■ **DATA**:
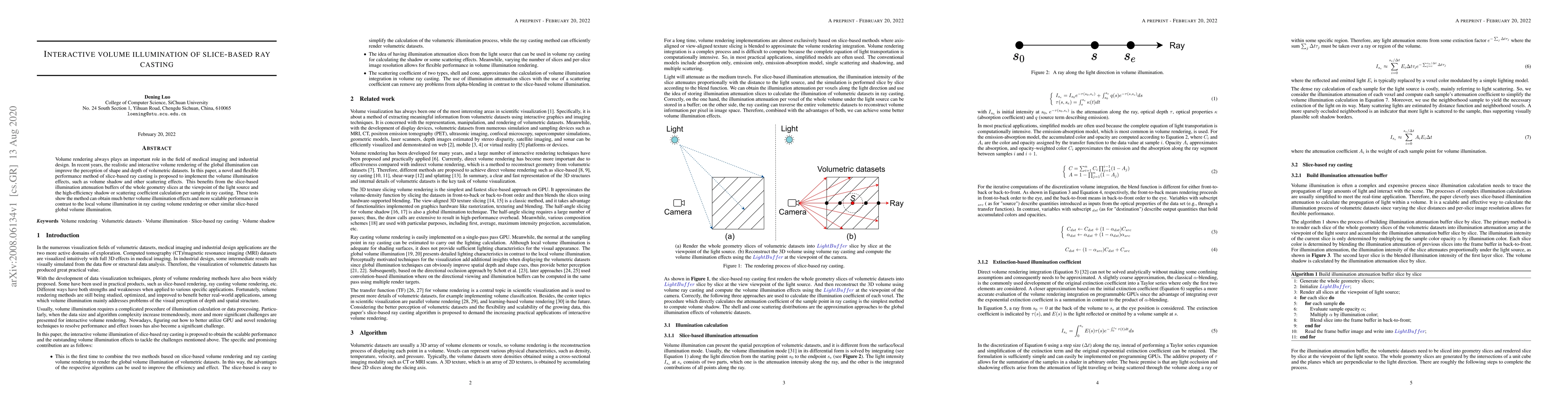 This paper proposes a novel slice-based ray casting method for interactive volume illumination, achieving realistic volume shadow and scattering effects through efficient attenuation buffers and high-performance calculations. The method demonstrates superior scalability and performance compared to local volume illumination techniques.
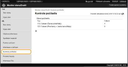 V seznamu budou uvedeny všechny právě tištěné dokumenty i dokumenty čekající na tisk, a to bez ohledu na nastavení správy ID oddělení.
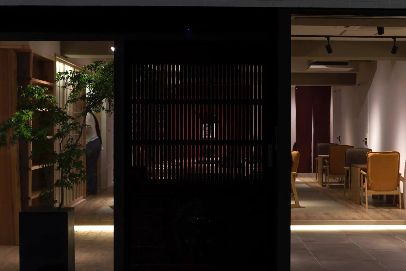 また、ラウンジにはアクセントとなる大きなのれんと、光る障子があります。
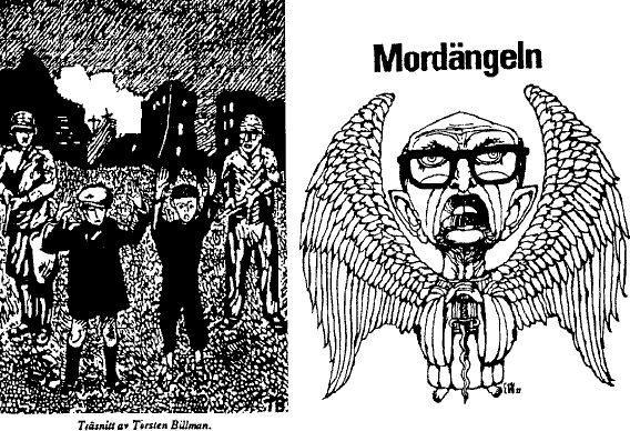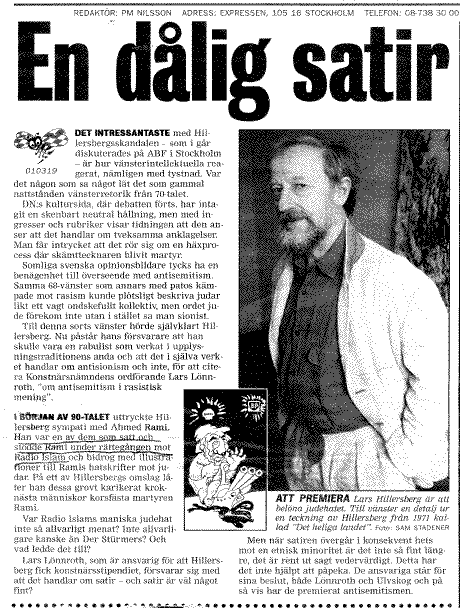 Lite historik: 1967 gjorde jag en teckning som föreställde Moshe Dayan. När Per Ahlmark såg den brast något inom honom och han beskyllde mig offentlig för antisemitism. Jag borde kanske polisanmält honom, men jag har aldrig kunnat ta Ahlmark på allvar.1968 ritade Lena Svedberg en karikatyr på dåvarande riksbankschefen Krister Wickman. Den sades vara antisemitisk för att Wickman på något sätt såg judisk ut. Vi förstod ingenting. Varför i fridens namn skulle Lena framställa Wickman som jude? Hade Wickman en judisk morsa eller något i den stilen? Vi tyckte inte Wickman såg judisk ut vare sig på bild eller i verkligheten. Spritnoja i sista stadiet, konstaterade vi rått.

■ **TASK PROMPT**: Pictures do not belong in the copy. Repeat exactly each line from the one with "V seznamu budou" through the end of the listing.

■ **WRITTEN ANSWER**:
 V seznamu budou uvedeny všechny právě tištěné dokumenty i dokumenty čekající na tisk, a to bez ohledu na nastavení správy ID oddělení.
 また、ラウンジにはアクセントとなる大きなのれんと、光る障子があります。
 Lite historik: 1967 gjorde jag en teckning som föreställde Moshe Dayan. När Per Ahlmark såg den brast något inom honom och han beskyllde mig offentlig för antisemitism. Jag borde kanske polisanmält honom, men jag har aldrig kunnat ta Ahlmark på allvar.1968 ritade Lena Svedberg en karikatyr på dåvarande riksbankschefen Krister Wickman. Den sades vara antisemitisk för att Wickman på något sätt såg judisk ut. Vi förstod ingenting. Varför i fridens namn skulle Lena framställa Wickman som jude? Hade Wickman en judisk morsa eller något i den stilen? Vi tyckte inte Wickman såg judisk ut vare sig på bild eller i verkligheten. Spritnoja i sista stadiet, konstaterade vi rått.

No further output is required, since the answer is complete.